Nîmes Olympique : du rouge au vert… Après les inquiétudes de ces dernières semaines autour des finances de l’Association Nîmes Olympique, le déficit serait finalement estimé à environ 30 000 euros. Et les nouveaux venus au conseil d’administration n’ont visiblement pas tardé à se mettre au travail. Selon nos informations, Emiliano Marcos et Philippe Gas ont déjà réussi à trouver 20 000 euros de mécénat. De quoi ramener, sur le papier, le trou à seulement 10 000 euros. À Nîmes Olympique, on est encore loin de rouler sur l’or. Mais pour une fois, les comptes semblent surtout se rapprocher du vert.

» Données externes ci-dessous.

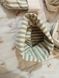 Sacchetti cotone nelle tonalità del verde e panna.Sono 6. utili per abbellire una piantina, come contenitori,etc.prezzo euro 1.Consegna a mano zona Avellino

Toutes les fiertés ne défilent pas de la même façon… Début octobre, les Galeries Lafayette fêteront leur premier anniversaire à Nîmes. Pour l’occasion, plusieurs animations sont prévues et la direction souhaitait notamment organiser un défilé devant l’établissement de la rue Général-Perrier. Une demande d’interruption de la circulation pendant quelques heures avait donc été adressée à la Ville. Refus. De quoi provoquer, dans un premier temps, l’incompréhension des représentants du grand magasin. D’autant que la même artère avait déjà été fermée à la circulation en juin pour permettre le passage de la Marche des fiertés. Mais depuis, les choses ont évolué. La Ville a proposé une solution alternative aux Galeries Lafayette permettant finalement l’organisation du défilé sans fermer totalement la rue à la circulation. Une proposition en discussion avec l’enseigne. Comme quoi, entre circuler et défiler, il suffisait peut-être de trouver le bon compromis. Et cette fois, tout le monde pourra être fier de défiler…
Le boulevard McHugo’s ? On le sait, le commerce de centre-ville souffre et Nîmes n’échappe pas à la règle. Baisse d’activité, hausse des charges, difficultés de recrutement : pour certains professionnels, l’équation devient de plus en plus compliquée. Selon nos informations, plusieurs bars et restaurants du secteur Victor-Hugo chercheraient aujourd’hui à céder leur fonds de commerce. Une évolution à surveiller dans un secteur où la restauration rapide occupe déjà une place importante. Le boulevard Victor-Hugo finira-t-il, lui aussi, par devenir le boulevard fast-food Hugo ?
Un DJ star dans les arènes en 2027 ? C’est une jolie performance qu’a réussie le Lunellois Mathis Bouloc, fondateur de Sunday Music, en faisant venir Black Coffee dans les arènes de Nîmes et en réunissant 14 000 spectateurs le 8 mai dernier. Le passionné de musique électro a encore rassemblé une foule importante dimanche dernier sur le tarmac de l’aéroport Montpellier-Méditerranée. Et Sunday Music prépare déjà son retour à Nîmes. Selon nos informations, une soirée électro est programmée dans les arènes au printemps 2027 et la date du samedi 24 avril aurait reçu le feu vert de la Ville. L’artiste serait même déjà calé. Son nom, en revanche, reste jalousement gardé. « Vu l’artiste, tous les billets vont rapidement partir », assure une source bien renseignée. De quoi réjouir les commerçants du centre-ville, qui avaient particulièrement apprécié l’affluence générée par Black Coffee. Et de quoi donner l’eau à la bouche avant une année 2027 qui marquera aussi les 30 ans du Festival de Nîmes.